_Activity_
Starting at the line that contains "Missguided x Playboy" and stopping at the line that contains "2025 Winter New", restate each line of the records below exactly. Omit the pictures.

_Entries provided_
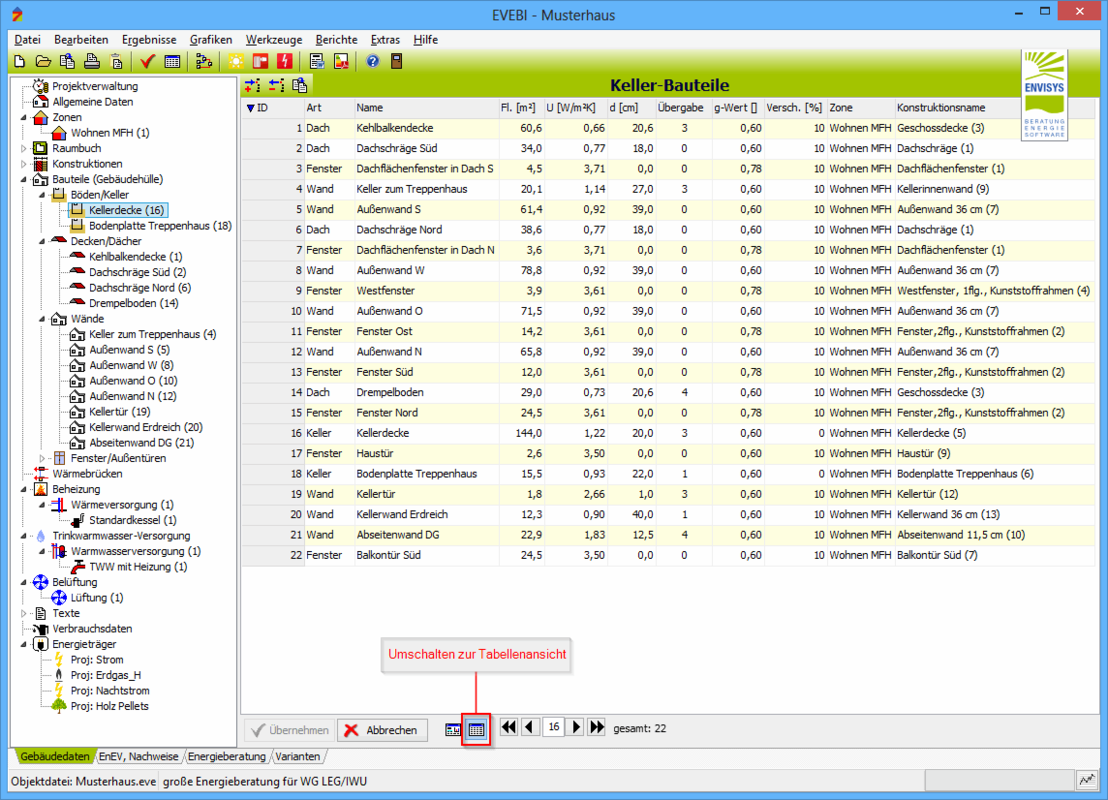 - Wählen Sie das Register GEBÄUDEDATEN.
...
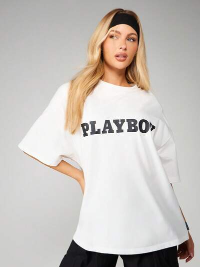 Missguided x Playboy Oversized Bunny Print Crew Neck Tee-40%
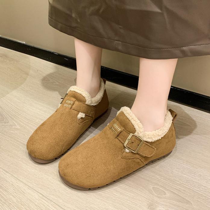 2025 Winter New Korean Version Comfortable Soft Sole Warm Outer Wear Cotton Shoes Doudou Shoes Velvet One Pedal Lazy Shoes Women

_Result of this task_
 Missguided x Playboy Oversized Bunny Print Crew Neck Tee-40%
 2025 Winter New Korean Version Comfortable Soft Sole Warm Outer Wear Cotton Shoes Doudou Shoes Velvet One Pedal Lazy Shoes Women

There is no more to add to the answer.